In the first part of the dissertation, we present our work analyzing and improving rankings of the most popular websites or domain names on the Internet. These rankings form an important data source for many web security, privacy, and Internet measurement studies. We show how previously commonly used rankings hold potentially undesirable properties that endanger the soundness, validity, and reproducibility of research. We also propose the novel Tranco ranking that improves upon these properties. Tranco combines existing rankings transparently, aggregates across a 30-day period by default to improve long-term stability, and the resulting ranking is made available in a reproducible manner. We confirm with a long-term evaluation that Tranco better matches the properties desirable for research usage.

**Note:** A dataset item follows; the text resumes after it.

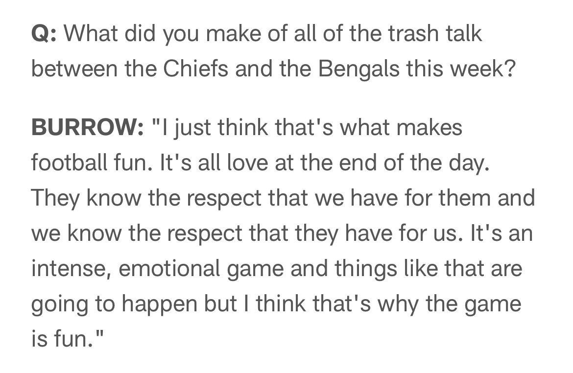 Also, I have no evidence to support this, but I do think we softened up the Bills and their fans by treating Damar Hamlin as kindly as we did. By the time the Bengals marched out onto the field in Buffalo, it was hard to hate us. Mike Hilton solved that problem by calling Arrowhead “Burrowhead.”

In the second part of the dissertation, we present two case studies on large-scale automated decision-making systems. These are seen as essential tools for processing security-related decisions at scale, and are commonly deployed to handle critical security tasks. However, even error rates that are low on a relative scale can translate into a high error count in absolute terms, which can cause significant harm. In our first case study, we develop a hybrid approach to resolve collisions between benign and malicious domains generated and used by the Avalanche botnet. As erroneous law enforcement decisions would result in unjustified website takedowns and the risk of the botnet reemerging respectively, we involve a human investigator for those domains where an automated model is least certain. This approach reduces the errors that result from blind trust in the automated decision-making system. In our second case study, we audit Facebook’s enforcement of its self-developed policy on political ads. We find that even simple rules for detecting violating ads are not implemented, while many benign ads are falsely taken down, suggesting Facebook’s enforcement is imprecise. Our audit reveals the limitations of large-scale automated decision-making systems and questions their appropriateness for systems with important societal impact.

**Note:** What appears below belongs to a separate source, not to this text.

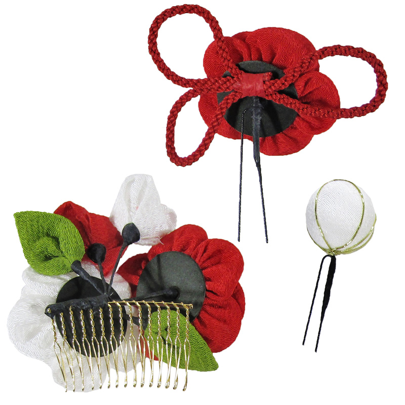 ホーム七五三髪飾り髪飾り 椿コーム3点セット
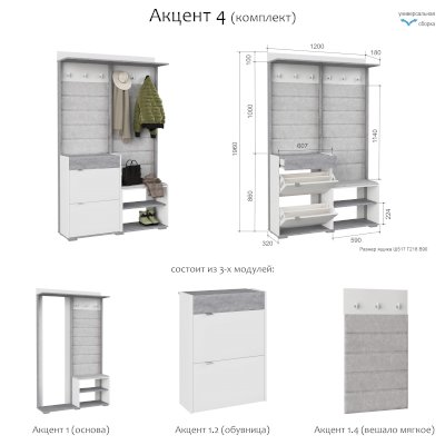 Прихожая Акцент 4 (Аквилон) - за 23 321 руб. в Жуковском. Купите на сайте jukovskiy.onlinemarketmebeli.ru или по телефону 8(800)505-30-63 уже сегодня! Уточнить наличие, комплектацию, актуальную цену можно бесплатно у менеджера ежедневно. Закажите Прихожая Акцент 4 (Аквилон) до конца акции! Доступна покупка в кредит, рассрочку. Доставим со склада или на заказ.

We conclude the dissertation with closing remarks on enablers and challenges for web security research, focusing on the importance of data sets to analyzing security issues and ecosystems, and developing improved security solutions. We also provide an outlook on future research topics that explore remaining gaps in the current state of the art, in domain rankings and large-scale web measurements in general, as well as automated decision-making systems. Further work in this domain helps to enable more complete and thorough insights into malicious online practices, allowing us to develop better solutions that make the web a more secure place for all.